### What needs to be done
Write out, word for word, every line in the data below from the one containing "Praktická crossbody kabelka" to the one containing "Spitzer et al.", both of them included.

### Given records
:::

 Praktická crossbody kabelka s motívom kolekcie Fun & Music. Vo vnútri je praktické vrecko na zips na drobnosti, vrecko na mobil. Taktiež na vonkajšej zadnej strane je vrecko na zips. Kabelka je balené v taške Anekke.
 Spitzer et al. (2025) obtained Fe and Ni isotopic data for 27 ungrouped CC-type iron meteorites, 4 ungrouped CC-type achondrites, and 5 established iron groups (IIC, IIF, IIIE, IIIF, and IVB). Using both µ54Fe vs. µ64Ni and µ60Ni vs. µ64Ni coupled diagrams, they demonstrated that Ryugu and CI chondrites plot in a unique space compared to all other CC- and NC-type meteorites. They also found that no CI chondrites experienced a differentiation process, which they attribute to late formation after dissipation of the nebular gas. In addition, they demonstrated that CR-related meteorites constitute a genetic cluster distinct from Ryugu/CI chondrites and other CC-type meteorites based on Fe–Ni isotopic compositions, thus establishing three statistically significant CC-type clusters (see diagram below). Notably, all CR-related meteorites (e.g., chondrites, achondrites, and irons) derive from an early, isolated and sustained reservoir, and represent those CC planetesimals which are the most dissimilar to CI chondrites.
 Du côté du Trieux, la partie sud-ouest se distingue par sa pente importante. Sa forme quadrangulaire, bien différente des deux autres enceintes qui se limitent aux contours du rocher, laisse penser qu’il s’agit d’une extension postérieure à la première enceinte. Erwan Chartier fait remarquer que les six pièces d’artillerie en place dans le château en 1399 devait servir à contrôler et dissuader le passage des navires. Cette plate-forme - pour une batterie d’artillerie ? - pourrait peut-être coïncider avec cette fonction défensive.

:::

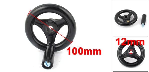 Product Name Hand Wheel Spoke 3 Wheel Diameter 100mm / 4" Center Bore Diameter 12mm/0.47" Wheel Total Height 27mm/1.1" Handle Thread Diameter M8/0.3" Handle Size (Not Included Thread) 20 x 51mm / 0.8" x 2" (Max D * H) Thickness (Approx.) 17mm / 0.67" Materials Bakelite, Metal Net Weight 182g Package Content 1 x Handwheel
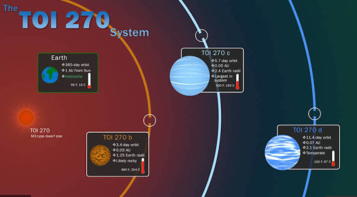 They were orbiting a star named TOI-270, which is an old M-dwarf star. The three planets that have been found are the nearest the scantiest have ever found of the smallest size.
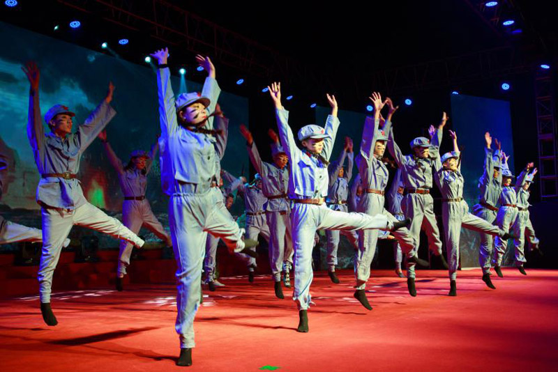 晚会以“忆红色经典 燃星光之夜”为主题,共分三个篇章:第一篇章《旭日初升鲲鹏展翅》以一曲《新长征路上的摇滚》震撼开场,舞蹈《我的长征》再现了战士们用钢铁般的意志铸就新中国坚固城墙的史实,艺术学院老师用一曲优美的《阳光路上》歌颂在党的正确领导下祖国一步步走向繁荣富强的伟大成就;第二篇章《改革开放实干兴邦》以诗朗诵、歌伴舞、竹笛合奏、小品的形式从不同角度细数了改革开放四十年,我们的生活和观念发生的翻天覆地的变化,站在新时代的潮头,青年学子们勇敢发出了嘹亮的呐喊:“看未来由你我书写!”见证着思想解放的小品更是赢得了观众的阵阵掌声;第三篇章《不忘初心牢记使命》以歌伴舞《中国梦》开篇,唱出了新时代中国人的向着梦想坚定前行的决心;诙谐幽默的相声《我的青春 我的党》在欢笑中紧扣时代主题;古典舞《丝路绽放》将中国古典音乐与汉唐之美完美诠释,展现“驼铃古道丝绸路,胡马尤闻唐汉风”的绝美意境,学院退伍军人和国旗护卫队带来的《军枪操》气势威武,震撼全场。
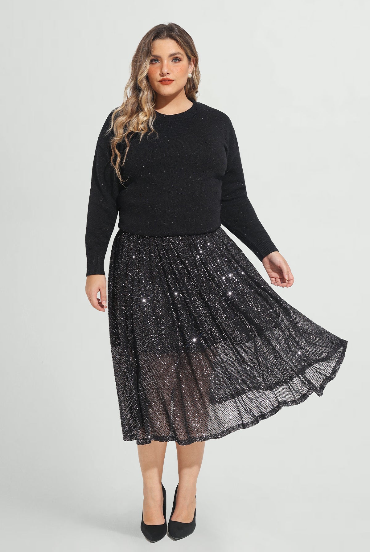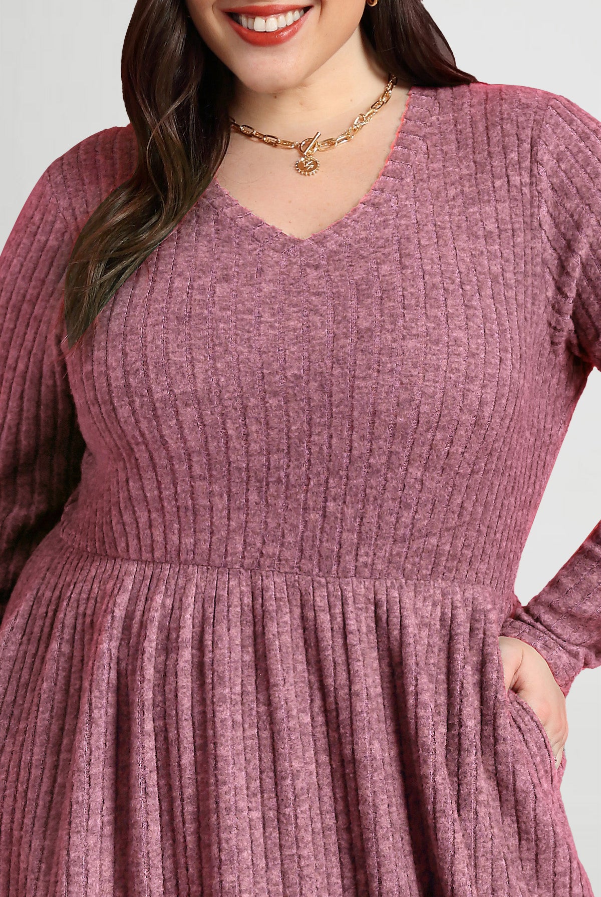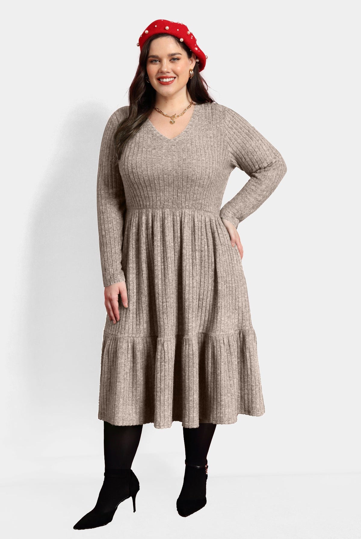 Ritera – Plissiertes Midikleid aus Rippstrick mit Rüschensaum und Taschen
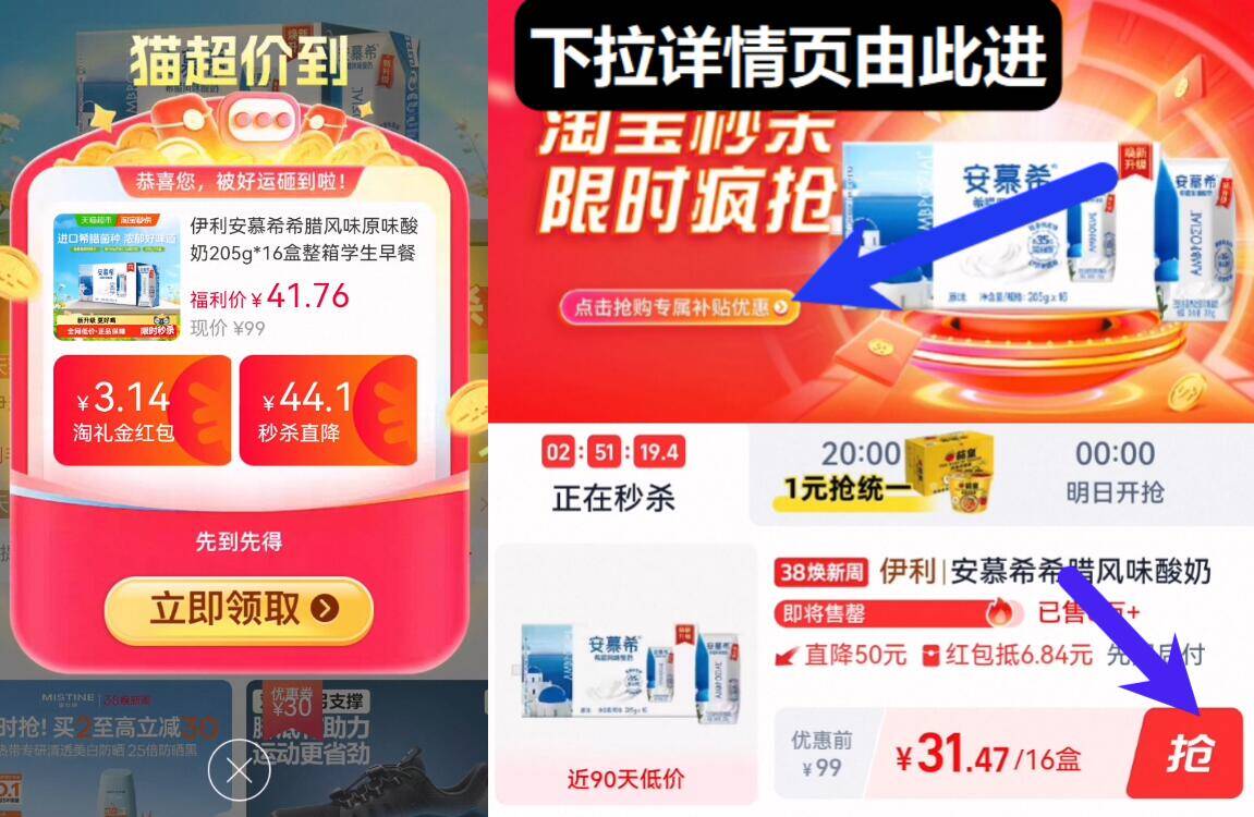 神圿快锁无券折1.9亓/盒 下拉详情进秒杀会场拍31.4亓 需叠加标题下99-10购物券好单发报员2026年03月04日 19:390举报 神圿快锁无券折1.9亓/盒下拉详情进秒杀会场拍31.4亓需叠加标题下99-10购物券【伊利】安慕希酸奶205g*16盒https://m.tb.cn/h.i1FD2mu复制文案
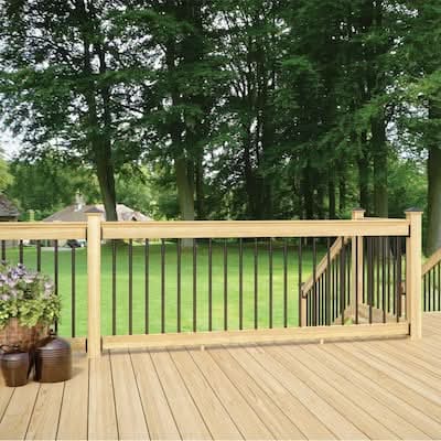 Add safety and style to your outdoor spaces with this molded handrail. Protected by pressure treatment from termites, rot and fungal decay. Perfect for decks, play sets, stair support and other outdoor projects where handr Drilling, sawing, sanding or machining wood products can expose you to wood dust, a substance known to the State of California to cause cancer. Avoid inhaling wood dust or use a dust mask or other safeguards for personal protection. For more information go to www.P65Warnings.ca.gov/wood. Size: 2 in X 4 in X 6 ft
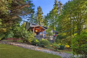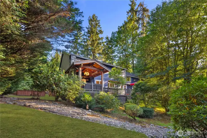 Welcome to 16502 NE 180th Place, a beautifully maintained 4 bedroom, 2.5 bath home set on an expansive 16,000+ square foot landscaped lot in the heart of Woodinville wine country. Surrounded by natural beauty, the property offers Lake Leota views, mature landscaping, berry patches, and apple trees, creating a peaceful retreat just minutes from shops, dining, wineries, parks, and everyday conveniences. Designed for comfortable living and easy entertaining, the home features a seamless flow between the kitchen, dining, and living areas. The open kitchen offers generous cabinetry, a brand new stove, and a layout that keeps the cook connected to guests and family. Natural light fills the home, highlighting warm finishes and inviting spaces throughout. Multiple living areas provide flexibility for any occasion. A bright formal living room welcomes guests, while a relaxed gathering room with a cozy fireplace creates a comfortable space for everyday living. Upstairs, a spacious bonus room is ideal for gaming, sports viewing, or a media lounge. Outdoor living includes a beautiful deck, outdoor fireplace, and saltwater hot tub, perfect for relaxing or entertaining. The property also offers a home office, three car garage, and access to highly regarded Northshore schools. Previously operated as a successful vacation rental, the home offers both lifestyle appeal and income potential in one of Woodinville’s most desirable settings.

:::

### Answer to this problem
 Praktická crossbody kabelka s motívom kolekcie Fun & Music. Vo vnútri je praktické vrecko na zips na drobnosti, vrecko na mobil. Taktiež na vonkajšej zadnej strane je vrecko na zips. Kabelka je balené v taške Anekke.
 Spitzer et al. (2025) obtained Fe and Ni isotopic data for 27 ungrouped CC-type iron meteorites, 4 ungrouped CC-type achondrites, and 5 established iron groups (IIC, IIF, IIIE, IIIF, and IVB). Using both µ54Fe vs. µ64Ni and µ60Ni vs. µ64Ni coupled diagrams, they demonstrated that Ryugu and CI chondrites plot in a unique space compared to all other CC- and NC-type meteorites. They also found that no CI chondrites experienced a differentiation process, which they attribute to late formation after dissipation of the nebular gas. In addition, they demonstrated that CR-related meteorites constitute a genetic cluster distinct from Ryugu/CI chondrites and other CC-type meteorites based on Fe–Ni isotopic compositions, thus establishing three statistically significant CC-type clusters (see diagram below). Notably, all CR-related meteorites (e.g., chondrites, achondrites, and irons) derive from an early, isolated and sustained reservoir, and represent those CC planetesimals which are the most dissimilar to CI chondrites.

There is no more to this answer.